Al llegar al final de la historia, Ángela ya entendía parte del mensaje oculto en la narración. Aquella misma noche se fue a Calella acompañada por un silencioso George, quien se mostraba contrariado ante la tajante negativa de Ángela a dejarle leer el relato de Marta.

George dormía en la cama que ocuparon Marta y Mick durante sus años de matrimonio. Ángela se enfrentó a sus recuerdos en la roca de su madre, con la mirada perdida en el mar, y repasó mentalmente las impresiones de la lectura. Sabía que el sueño de la anciana que su madre dejó escrito contenía una pista para encontrar algo de importancia vital. Y, en aquel lugar, respirando la esencia de Marta, sintiendo la presencia de dos cuerpos etéreos envueltos en la bruma del pasado, supo dónde buscar.

Regresó a la casa caminando por las rocas, agarrándose a ellas con las manos para no tropezar. Cuando llegó al lugar donde sus abuelos perecieron casi esperaba encontrar sus cuerpos sin vida extendidos en el cemento, con dos números dibujados dentro del rombo que su abuelo estampó con su propia sangre.

La noche se estropeó de repente. Una ráfaga de viento seco la azotó mientras subía las escaleras a toda prisa. La tramontana enardecía el mar que se movía inquieto y formaba olas cada vez más grandes, con una resaca que se alejaba de la costa, como si quisiera llevarse el pasado.

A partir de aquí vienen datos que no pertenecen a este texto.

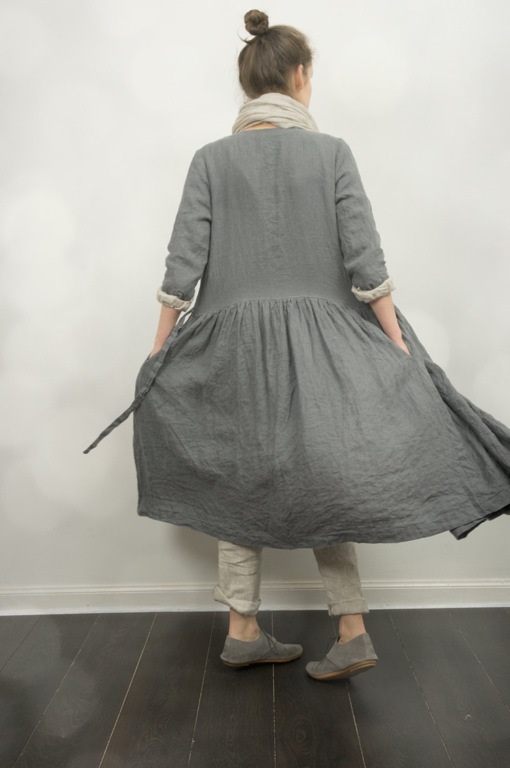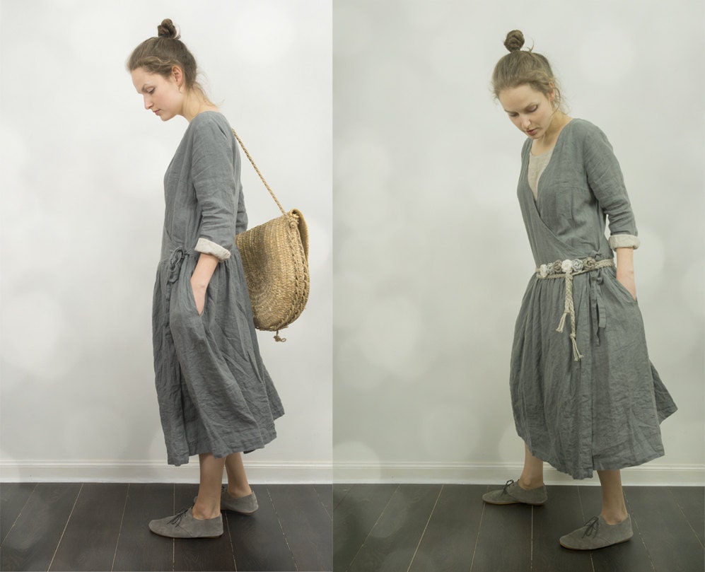 A loose linen wrap dress SEPTEMBER is a very comfortable yet feminine summer dress. It features a low waistline, long, loose sleeves, a gathered skirt, and side seam pockets. You can wear it as a dress or as a duster coat.

Ángela entró en la casa con las reminiscencias del sueño premonitorio de Marta. Podía verla de mayor, el día en el que más tarde moriría a manos de Ingrid. Marta se detuvo un momento en la entrada a recuperar el resuello. Sus manos artríticas palparon la puerta de cristal que separaba el recibidor del salón antes de entrar en la habitación de sus padres. Marta se abrazó el cuerpo al sentir un frío repentino, Ángela la imitó. Siguió al espectro de su madre a un lado de la cama y palpó el suelo en busca del hueco escondido en el parqué. En la roca había entendido que su madre no rescató los papeles de ahí, sino que escondió lo que Ángela sujetaba ahora entre sus manos.

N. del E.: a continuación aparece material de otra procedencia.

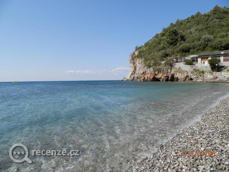 Zátoka je to nádherná, pláž je oblázková, nechodí se po ní příliš dobře. Ale do moře se dá chodit bez obuvi, není nutná. Moře je krásně čisté/ my jsme chytli trochu rozmarné počasí, byly často velké vlny/, vstup není pozvolný, je dost brzy hloubka, neplavci se tu moc nevykoupou. Navíc se velmi špatně leze z vody, v celé zátoce je takový terénní zlom. Pláž je ještě hodně naturální, nalevo od hotelu až trochu divoká, je tam také camp využívaný místními. Možnosti vodních sportů jsem si nevšimla, lehátka a slunečníky jsou přímo před hotelem za poplatek, ale třeba hned vedle jsme za plastová lehátka neplatili. Jinak souhlasím s recenzentem, který uvedl, že moře už nemůže být hotelu blíže... a když máte pokoj k moři a zvednou se vlny, máte pocit, že vás to smete i s postelí....

El pasado pareció fundirse con el presente. Con la caja que encontró en el escondite entre sus manos, Ángela se quedó mirando los movimientos etéreos del fantasma de su madre. Fue como si estuviera reviviendo la escena con absoluta nitidez. Marta la miró con dulzura, con aquellos ojos que parecían un pozo de esperanza. Ángela sintió la calidez de las lágrimas resbalando por las mejillas mientras se despedía de su madre...

—¿Qué haces? —La voz de George la despertó de su ensoñación.

Se lo quedó mirando un segundo antes de limpiarse los vestigios del llanto y levantarse. George se apoyaba en el marco de la puerta, con rastros de somnolencia en la cara contraída en un rictus de interrogación.

—Mi madre me dejó esta caja en herencia —contestó Ángela, levantándose del suelo—. Creo que es algo importante.

George cambió la expresión paulatinamente hasta que los ojos le brillaron con la expectación de conocer el contenido de la caja.